Re: [USB] f16443a034: EIP:arch_local_irq_restore

Felipe Balbi <felipe.balbi@xxxxxxxxxxxxxxx> · Tue, 18 Jul 2017 09:02:20 +0300

Hi,

Alan Stern <stern@xxxxxxxxxxxxxxxxxxx> writes:
>> Alan Stern <stern@xxxxxxxxxxxxxxxxxxx> writes:
>> >> >> > On Thu, 29 Jun 2017, kernel test robot wrote:
>> >> >> >
>> >> >> >> FYI, we noticed the following commit:
>> >> >> >> 
>> >> >> >> commit: f16443a034c7aa359ddf6f0f9bc40d01ca31faea ("USB: gadgetfs, dummy-hcd, net2280: fix locking for callbacks")
>> >> >> >> https://git.kernel.org/cgit/linux/kernel/git/torvalds/linux.git master
>> >> >> >> 
>> >> >> >> in testcase: trinity
>> >> >> >> with following parameters:
>> >> >> >> 
>> >> >> >> 	runtime: 300s
>> >> >> >> 
>> >> >> >> test-description: Trinity is a linux system call fuzz tester.
>> >> >> >> test-url: http://codemonkey.org.uk/projects/trinity/
>> >> >> >> 
>> >> >> >> 
>> >> >> >> on test machine: qemu-system-x86_64 -enable-kvm -m 420M
>> >> >> >> 
>> >> >> >> caused below changes (please refer to attached dmesg/kmsg for entire log/backtrace):
>> >> >> > ...
>> >> >> >
>> >> >> > I won't include the entire report.  The gist is that we have a problem 
>> >> >> > with lock ordering.  The report is about dummy-hcd, but this could 
>> >> >> > affect any UDC driver.
>> >> >> >
>> >> >> >      1. When a SETUP request arrives, composite_setup() acquires
>> >> >> > 	cdev->lock before calling the function driver's callback.
>> >> >> > 	When that callback submits a reply, it causes the UDC driver
>> >> >> > 	to acquire its private lock.
>> >> >> 
>> >> >> this only seems to happen before calling set_config():
>> >> >> 
>> >> >> 	case USB_REQ_SET_CONFIGURATION:
>> >> >> 		if (ctrl->bRequestType != 0)
>> >> >> 			goto unknown;
>> >> >> 		if (gadget_is_otg(gadget)) {
>> >> >> 			if (gadget->a_hnp_support)
>> >> >> 				DBG(cdev, "HNP available\n");
>> >> >> 			else if (gadget->a_alt_hnp_support)
>> >> >> 				DBG(cdev, "HNP on another port\n");
>> >> >> 			else
>> >> >> 				VDBG(cdev, "HNP inactive\n");
>> >> >> 		}
>> >> >> 		spin_lock(&cdev->lock);
>> >> >> 		value = set_config(cdev, ctrl, w_value);
>> >> >> 		spin_unlock(&cdev->lock);
>> >> >> 		break;
>> >> >
>> >> > That's true.  Why is the lock held for set_config() but not for any of 
>> >> > the other callbacks?
>> >> 
>> >> this is really old code from Dave.

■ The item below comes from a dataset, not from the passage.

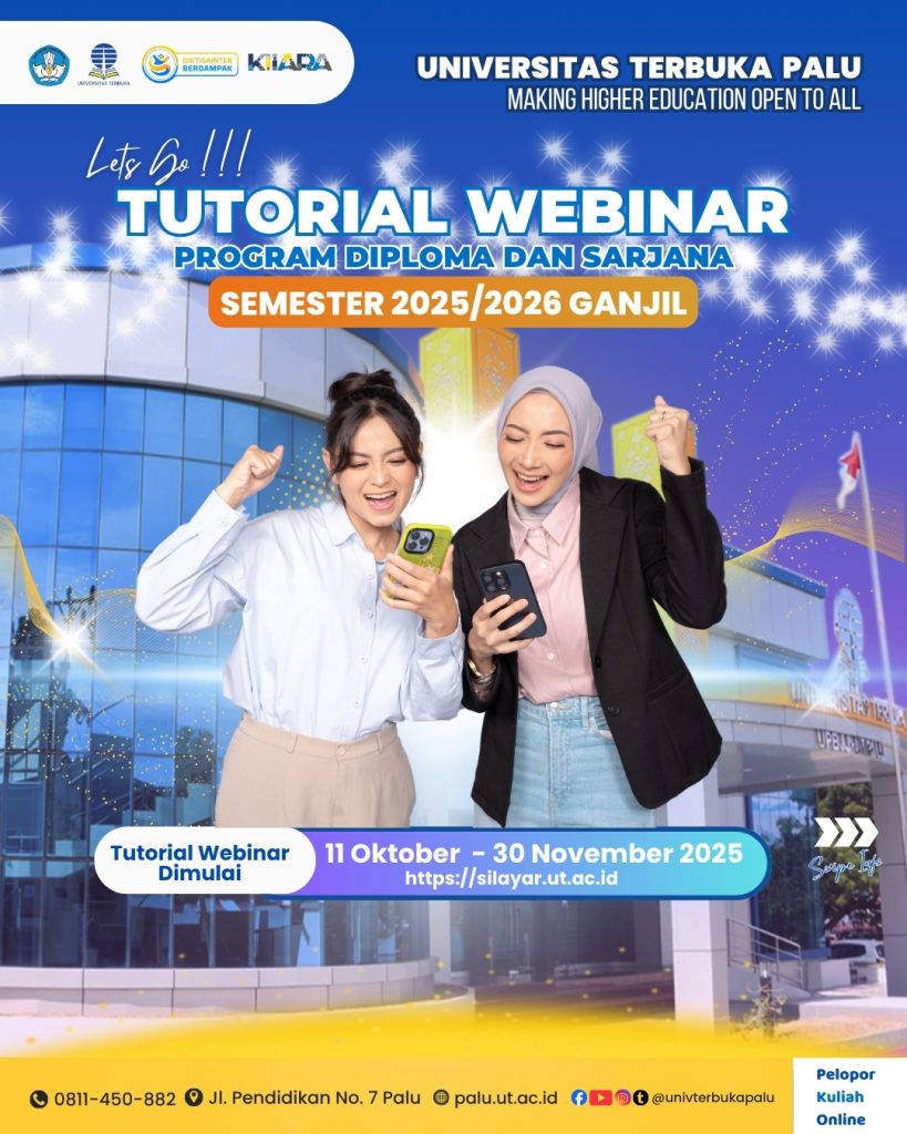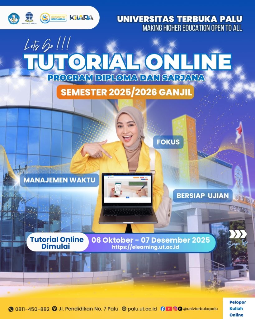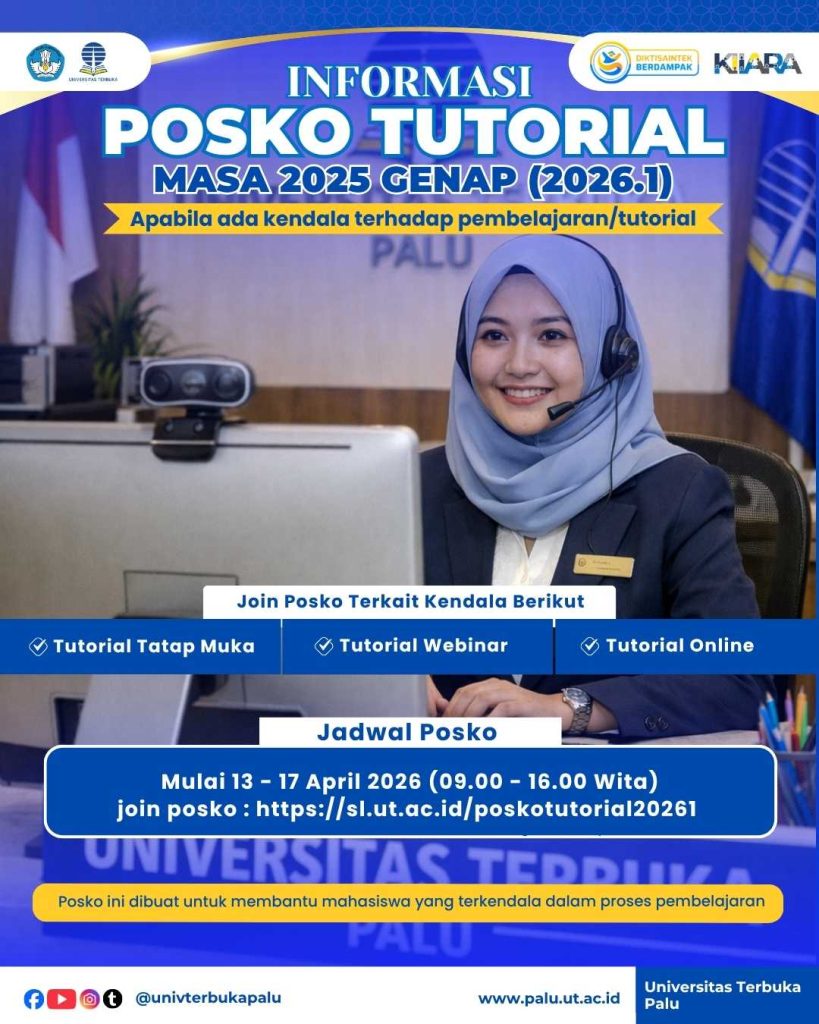 Dalam rangka mendukung kelancaran proses pembelajaran mahasiswa, disediakan Posko Tutorial yang dapat dimanfaatkan oleh mahasiswa yang mengalami kendala selama mengikuti kegiatan tutorial. Posko ini hadir sebagai layanan bantuan untuk berbagai jenis tutorial, baik secara langsung maupun daring. Layanan Posko Mahasiswa dapat bergabung sesuai dengan jenis kendala yang dihadapi: Tutorial Tatap Muka Tutorial Webinar Tutorial Online Jadwal Pelaksanaan Tanggal: 13 – 17 April 2026 Waktu: 09.00 – 16.00 WITA Akses Posko Tutorial dapat bergabung melalui tautan berikut: https://sl.ut.ac.id/poskotutorial20261 Tujuan PoskoPosko ini dibuat untuk membantu mahasiswa yang mengalami kendala dalam proses pembelajaran/tutorial, sehingga kegiatan belajar dapat berjalan dengan lebih lancar dan efektif. Untuk informasi lebih lanjut, kunjungi: https://www.palu.ut.ac.id Media sosial: @universitasterbukapalu Jadwal Tutorial Webinar dan Tutorial Online

Your guess is as good as mine :-(
>> >> 
>> >> > Doesn't that mean the other callbacks can race with function
>> >> > unregistration?
>> >> 
>> >> Probably not as UDCs are required to cancel transfers and kill all
>> >> endpoints before unregistering. We would probably just giveback a few
>> >> requests with -ESHUTDOWN and prevent new ones from being queued to HW,
>> >> no?
>> >
>> > But SETUP callbacks aren't associated with pending requests.  They get
>> 
>> they are if ->setup() returns DELAYED_STATUS.
>
> No.  In the DELAYED_STATUS case, the gadget driver submits a request 
> _after_ the SETUP packet is received.
>
> In no case is there a pending request that an incoming SETUP packet is
> associated with.

Oh, I see now what you mean. You're talking *specifically* the SETUP
stage :-) Yeah, I agree. Currently, we don't have a request associated
with it.

>> > generated whenever a SETUP packet is received, even if the gadget
>> > driver has no requests queued.  Cancelling transfers won't prevent
>> > them.
>> >
>> > Killing all endpoints might or might not do the trick.  Does killing
>> > ep0 prevent the UDC driver from receiving SETUP packets?  This may vary 
>> > between UDC drivers.
>> 
>> no, it does not. If ->setup() fails, we are required to Stall and
>> restart ep0. Restarting ep0 involves preparing it to receive a new
>> SETUP request.
>
> I wasn't talking about stalling or restarting ep0; I was talking about
> killing it.

Right, there's no killing of ep0 unless we're talking about module
removal. In case of ->setup() returning an error, we *must* stall and
restart ep0 (reprogram DMA, prepare 8-byte buffer, etc).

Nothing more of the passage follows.